▶ [Task to carry out]: Repeat the lines of the data that follow, please, starting at the first and stopping after the one with "May With the".

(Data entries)
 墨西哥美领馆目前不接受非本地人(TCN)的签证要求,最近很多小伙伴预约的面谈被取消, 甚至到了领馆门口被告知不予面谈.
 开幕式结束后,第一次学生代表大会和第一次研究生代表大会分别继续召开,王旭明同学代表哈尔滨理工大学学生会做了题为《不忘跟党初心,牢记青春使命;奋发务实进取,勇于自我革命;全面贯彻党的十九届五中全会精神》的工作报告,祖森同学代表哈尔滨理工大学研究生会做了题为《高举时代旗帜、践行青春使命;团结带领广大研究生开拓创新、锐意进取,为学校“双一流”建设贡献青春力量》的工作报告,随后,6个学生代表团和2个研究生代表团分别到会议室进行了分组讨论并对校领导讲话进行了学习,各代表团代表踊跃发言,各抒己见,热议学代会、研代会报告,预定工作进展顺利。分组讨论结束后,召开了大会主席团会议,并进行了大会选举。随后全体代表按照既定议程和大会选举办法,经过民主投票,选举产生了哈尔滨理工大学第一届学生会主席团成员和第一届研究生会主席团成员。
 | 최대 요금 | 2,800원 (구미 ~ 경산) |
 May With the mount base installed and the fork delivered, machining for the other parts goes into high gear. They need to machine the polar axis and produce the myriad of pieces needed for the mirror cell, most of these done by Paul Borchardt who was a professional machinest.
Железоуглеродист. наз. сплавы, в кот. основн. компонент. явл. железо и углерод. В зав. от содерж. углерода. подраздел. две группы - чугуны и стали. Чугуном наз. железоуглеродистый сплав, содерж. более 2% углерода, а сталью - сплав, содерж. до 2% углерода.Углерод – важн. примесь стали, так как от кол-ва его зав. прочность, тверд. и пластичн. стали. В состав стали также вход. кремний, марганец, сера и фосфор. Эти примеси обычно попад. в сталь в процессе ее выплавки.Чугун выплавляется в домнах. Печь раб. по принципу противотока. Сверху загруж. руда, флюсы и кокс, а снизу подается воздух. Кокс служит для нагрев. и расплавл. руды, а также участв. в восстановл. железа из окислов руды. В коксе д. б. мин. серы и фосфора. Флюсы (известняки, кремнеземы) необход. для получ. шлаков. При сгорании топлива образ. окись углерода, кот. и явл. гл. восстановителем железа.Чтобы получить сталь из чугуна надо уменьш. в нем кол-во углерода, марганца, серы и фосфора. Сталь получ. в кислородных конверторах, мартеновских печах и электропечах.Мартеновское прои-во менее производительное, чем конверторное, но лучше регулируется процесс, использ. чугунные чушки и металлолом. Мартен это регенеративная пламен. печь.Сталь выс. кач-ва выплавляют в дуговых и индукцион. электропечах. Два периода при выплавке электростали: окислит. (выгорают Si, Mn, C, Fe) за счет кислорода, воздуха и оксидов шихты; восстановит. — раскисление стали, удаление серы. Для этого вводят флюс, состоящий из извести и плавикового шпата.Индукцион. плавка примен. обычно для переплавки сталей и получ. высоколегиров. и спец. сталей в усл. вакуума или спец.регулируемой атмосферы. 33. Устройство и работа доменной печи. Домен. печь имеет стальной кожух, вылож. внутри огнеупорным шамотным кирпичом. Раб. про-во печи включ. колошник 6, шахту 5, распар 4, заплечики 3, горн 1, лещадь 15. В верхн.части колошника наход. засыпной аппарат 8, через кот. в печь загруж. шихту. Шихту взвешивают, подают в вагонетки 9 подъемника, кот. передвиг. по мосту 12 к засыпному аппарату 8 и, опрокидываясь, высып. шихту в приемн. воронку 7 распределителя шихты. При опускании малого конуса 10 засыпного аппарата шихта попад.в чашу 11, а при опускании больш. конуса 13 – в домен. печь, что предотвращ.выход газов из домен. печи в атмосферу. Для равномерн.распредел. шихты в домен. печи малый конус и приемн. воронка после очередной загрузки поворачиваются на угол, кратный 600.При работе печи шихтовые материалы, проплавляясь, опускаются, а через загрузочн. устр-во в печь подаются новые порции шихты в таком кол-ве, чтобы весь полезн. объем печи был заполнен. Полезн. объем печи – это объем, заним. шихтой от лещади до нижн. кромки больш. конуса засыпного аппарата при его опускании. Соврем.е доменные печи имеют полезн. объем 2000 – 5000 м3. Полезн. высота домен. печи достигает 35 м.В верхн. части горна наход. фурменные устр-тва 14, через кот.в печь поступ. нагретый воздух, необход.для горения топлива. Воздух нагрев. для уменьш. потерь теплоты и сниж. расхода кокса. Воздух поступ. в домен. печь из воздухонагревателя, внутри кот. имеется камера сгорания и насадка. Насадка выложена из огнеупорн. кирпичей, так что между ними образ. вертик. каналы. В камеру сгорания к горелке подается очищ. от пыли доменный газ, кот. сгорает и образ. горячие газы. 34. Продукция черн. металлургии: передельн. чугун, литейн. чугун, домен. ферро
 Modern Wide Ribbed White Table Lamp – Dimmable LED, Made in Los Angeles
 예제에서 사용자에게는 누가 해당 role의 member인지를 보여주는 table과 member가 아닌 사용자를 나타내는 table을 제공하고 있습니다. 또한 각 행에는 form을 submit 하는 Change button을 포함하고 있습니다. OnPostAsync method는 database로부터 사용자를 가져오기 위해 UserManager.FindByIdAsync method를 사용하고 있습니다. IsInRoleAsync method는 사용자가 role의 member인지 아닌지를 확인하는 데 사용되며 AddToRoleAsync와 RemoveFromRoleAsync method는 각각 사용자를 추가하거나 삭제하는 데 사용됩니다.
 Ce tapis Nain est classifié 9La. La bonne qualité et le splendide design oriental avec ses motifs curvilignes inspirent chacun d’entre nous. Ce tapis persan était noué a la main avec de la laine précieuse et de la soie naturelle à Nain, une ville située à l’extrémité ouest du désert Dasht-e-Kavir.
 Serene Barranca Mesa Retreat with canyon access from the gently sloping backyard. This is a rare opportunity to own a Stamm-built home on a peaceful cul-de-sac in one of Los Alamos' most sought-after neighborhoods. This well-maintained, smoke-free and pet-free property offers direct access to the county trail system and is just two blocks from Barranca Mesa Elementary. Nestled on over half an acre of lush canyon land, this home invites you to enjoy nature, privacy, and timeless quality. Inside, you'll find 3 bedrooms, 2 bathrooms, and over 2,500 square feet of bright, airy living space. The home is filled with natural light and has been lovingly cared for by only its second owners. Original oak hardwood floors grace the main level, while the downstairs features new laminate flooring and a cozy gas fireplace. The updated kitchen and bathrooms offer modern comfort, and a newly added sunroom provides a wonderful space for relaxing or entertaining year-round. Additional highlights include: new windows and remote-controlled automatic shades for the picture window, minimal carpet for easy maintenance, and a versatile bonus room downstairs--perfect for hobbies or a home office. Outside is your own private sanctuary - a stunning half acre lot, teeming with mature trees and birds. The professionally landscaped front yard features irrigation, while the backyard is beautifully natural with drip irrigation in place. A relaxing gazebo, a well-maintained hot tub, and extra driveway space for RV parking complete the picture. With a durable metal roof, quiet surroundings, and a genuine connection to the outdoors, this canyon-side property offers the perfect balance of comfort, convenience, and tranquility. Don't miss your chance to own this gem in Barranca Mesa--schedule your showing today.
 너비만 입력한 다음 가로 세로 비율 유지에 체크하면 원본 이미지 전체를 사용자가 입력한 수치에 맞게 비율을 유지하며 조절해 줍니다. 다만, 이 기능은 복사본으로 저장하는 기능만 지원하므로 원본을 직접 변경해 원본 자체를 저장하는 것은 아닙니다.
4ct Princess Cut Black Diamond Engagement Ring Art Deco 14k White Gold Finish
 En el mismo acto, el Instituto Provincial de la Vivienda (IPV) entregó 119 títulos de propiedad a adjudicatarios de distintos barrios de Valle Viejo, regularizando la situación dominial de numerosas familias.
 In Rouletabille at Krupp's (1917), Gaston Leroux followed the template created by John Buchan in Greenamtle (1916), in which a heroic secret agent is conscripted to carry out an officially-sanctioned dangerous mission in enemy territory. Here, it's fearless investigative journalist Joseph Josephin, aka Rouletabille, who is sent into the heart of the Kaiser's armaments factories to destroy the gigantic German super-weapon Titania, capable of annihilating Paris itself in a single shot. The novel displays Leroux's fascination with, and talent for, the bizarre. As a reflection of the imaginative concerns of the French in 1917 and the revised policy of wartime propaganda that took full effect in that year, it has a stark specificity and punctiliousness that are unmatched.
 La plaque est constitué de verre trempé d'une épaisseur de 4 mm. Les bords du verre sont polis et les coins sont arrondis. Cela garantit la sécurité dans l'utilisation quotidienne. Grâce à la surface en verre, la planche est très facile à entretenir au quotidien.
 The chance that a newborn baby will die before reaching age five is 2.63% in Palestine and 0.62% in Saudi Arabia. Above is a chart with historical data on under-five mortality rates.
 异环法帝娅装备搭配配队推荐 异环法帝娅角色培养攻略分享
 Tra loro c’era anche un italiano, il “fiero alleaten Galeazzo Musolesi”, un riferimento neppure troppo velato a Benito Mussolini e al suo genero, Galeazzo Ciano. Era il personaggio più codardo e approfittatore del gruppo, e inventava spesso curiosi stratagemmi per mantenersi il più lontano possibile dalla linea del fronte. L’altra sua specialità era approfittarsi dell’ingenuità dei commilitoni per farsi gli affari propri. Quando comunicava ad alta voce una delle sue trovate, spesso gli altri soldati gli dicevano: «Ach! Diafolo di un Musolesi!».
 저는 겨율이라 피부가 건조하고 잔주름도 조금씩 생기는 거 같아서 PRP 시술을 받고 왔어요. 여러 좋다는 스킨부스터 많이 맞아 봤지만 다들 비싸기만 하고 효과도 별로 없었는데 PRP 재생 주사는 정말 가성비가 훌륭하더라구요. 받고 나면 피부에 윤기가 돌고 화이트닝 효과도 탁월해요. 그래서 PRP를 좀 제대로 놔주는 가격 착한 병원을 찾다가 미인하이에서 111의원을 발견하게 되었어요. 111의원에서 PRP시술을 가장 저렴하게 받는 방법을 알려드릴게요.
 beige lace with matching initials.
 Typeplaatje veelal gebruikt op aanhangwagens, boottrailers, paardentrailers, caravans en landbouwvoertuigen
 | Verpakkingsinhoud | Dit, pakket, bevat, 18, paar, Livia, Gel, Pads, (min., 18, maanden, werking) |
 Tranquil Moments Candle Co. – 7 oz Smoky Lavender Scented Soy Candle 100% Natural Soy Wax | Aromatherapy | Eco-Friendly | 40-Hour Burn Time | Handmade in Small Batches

▶ [Exercise result]:
 墨西哥美领馆目前不接受非本地人(TCN)的签证要求,最近很多小伙伴预约的面谈被取消, 甚至到了领馆门口被告知不予面谈.
 开幕式结束后,第一次学生代表大会和第一次研究生代表大会分别继续召开,王旭明同学代表哈尔滨理工大学学生会做了题为《不忘跟党初心,牢记青春使命;奋发务实进取,勇于自我革命;全面贯彻党的十九届五中全会精神》的工作报告,祖森同学代表哈尔滨理工大学研究生会做了题为《高举时代旗帜、践行青春使命;团结带领广大研究生开拓创新、锐意进取,为学校“双一流”建设贡献青春力量》的工作报告,随后,6个学生代表团和2个研究生代表团分别到会议室进行了分组讨论并对校领导讲话进行了学习,各代表团代表踊跃发言,各抒己见,热议学代会、研代会报告,预定工作进展顺利。分组讨论结束后,召开了大会主席团会议,并进行了大会选举。随后全体代表按照既定议程和大会选举办法,经过民主投票,选举产生了哈尔滨理工大学第一届学生会主席团成员和第一届研究生会主席团成员。
 | 최대 요금 | 2,800원 (구미 ~ 경산) |
 May With the mount base installed and the fork delivered, machining for the other parts goes into high gear. They need to machine the polar axis and produce the myriad of pieces needed for the mirror cell, most of these done by Paul Borchardt who was a professional machinest.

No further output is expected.